Comparing these tendencies with the sequence results of the modified positions (NNK), lead to the following assumption: when generating a library using the NNK scheme, the rates for the incorporation of the different nucleotides is not evenly distributed. Originally, we expected an equal distribution of guanosine and thymidine on the K position, but the fluorescence signal of the thymidine is approximately higher than the fluorescence signal of the guanosine. Despite the given data of the maximal fluorescence intensity of the four nucleotides, at this position, the fluorescence signal of the thymidine is higher than the guanosines signal. This implies a higher incorporation rate of the thymidine if the sequence is randomized with a K in this position. Analogue to this experience, the distribution of the incorporation of the four nucleotides, resulting from an N randomization on this certain position, is not equal either. In relation to the other three incorporated nucleotides, there is an approximately higher cytosine signal on this position, also implying a higher incorporation rate of cytosine when using the N randomization.

Illumina Sequencing

Figure 4: Starting the Illumina MiSeq sequencing.

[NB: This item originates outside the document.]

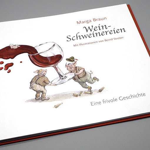 Marga Braun | Bilderbuch Marga Braun | Wein-Schweinerein Einband | Gestaltung, technische Umsetzung Inhalt | Konzept, Gestaltung, technische Umsetzung Illustration | Bernd Streiter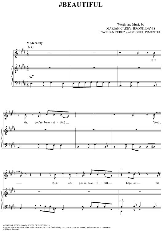 Digital Sheet Music for #Beautiful by Mariah Carey, Miguel, Brook Davis, Nathan Perez scored for Piano/Vocal/Chords; id:436726

To attain a total number of sequence variants in our library, we used the Illumina Next Generation Sequencing (NGS) technique. The Illumina NGS is based on the binding of ssDNA fragments to adapters, presented on the surface on the flow cell. The fragments are amplified, forming double stranded DNA bridges. When being denaturated, single ssDNA fragments, anchored to the surface of the flow cell, are built, resulting in the several clusters of the same DNA fragment. When starting the process of sequencing, the primer, polymerase and four types of labelled reversible terminators are added to the flow cell. By excitation with a laser, after every incorporation, a certain nucleotide can be detected through the specific fluorescence. When repeating this cycle numerous times, the accurate sequence of bases in this fragment can be determined by aligning them.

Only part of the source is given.